A power steering line is leaking on my daughters car. A mechanic said it's about a $2000 job because of all the disassembly required to change it. Any ideas on another option? Thanks


----------



## Mr Chips (Mar 23, 2008)

i have never owned this particular car, but that sounds INSANE. 

if you are not mechanically inclined, my first recommendation would be to try another garage, it sounds like this guy is taking you for a ride


----------



## Bigplanz (Apr 10, 2009)

It's a less than $200 job. Depending on which line is leaking, and where the leak is, you might be able to seal it with some permatex. My AT cooling line was leaking at the metal fitting to rubber hose transition on the line and I smeared some permatex 2 around the fitting and it hasn't leaked since (8 months ago). Might be worth a shot.


----------



## rusty baker (Feb 13, 2009)

A power steering line is pressurized when the car is running. Permatex won't seal it. Should be $200 or less. That mechanic is trying to gouge you.


----------



## Bigplanz (Apr 10, 2009)

This is a fairly easy DIY job, if you don't mind getting dirty and can get under the car. You'll have to take the belt off and probably the power steering pump. On my Silhouette, there are several things that have to be removed/moved out of the way, and you have to refill and burp the power steering system after you're done, but it isn't particularly 'hard' to do for a moderately skilled DIY.

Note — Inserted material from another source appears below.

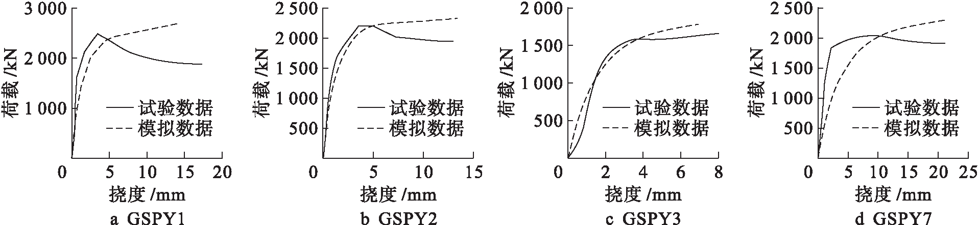 为了验证数值模型的准确性,通过ABAQUS模拟GFRP管中长柱偏压的荷载挠度曲线,本文采用文献[5]中试验数据,详细数据如表2所示(变量含义见文献[5]).

I was quoted $180 for a pressure side hose replacement. $2000 is nonsense.


----------



## 47_47 (Sep 11, 2007)

Instead of saying he didn't want to do the job, he gave an outrageous price.


----------



## brokenknee (Dec 13, 2008)

Maybe it was a typo, he may have hit an extra zero. But then again he has not returned to this post.


----------



## glasgows024 (Sep 8, 2009)

I bought the power steering line for about $40 and changed it in a half a day. Thanks for all the info.....


----------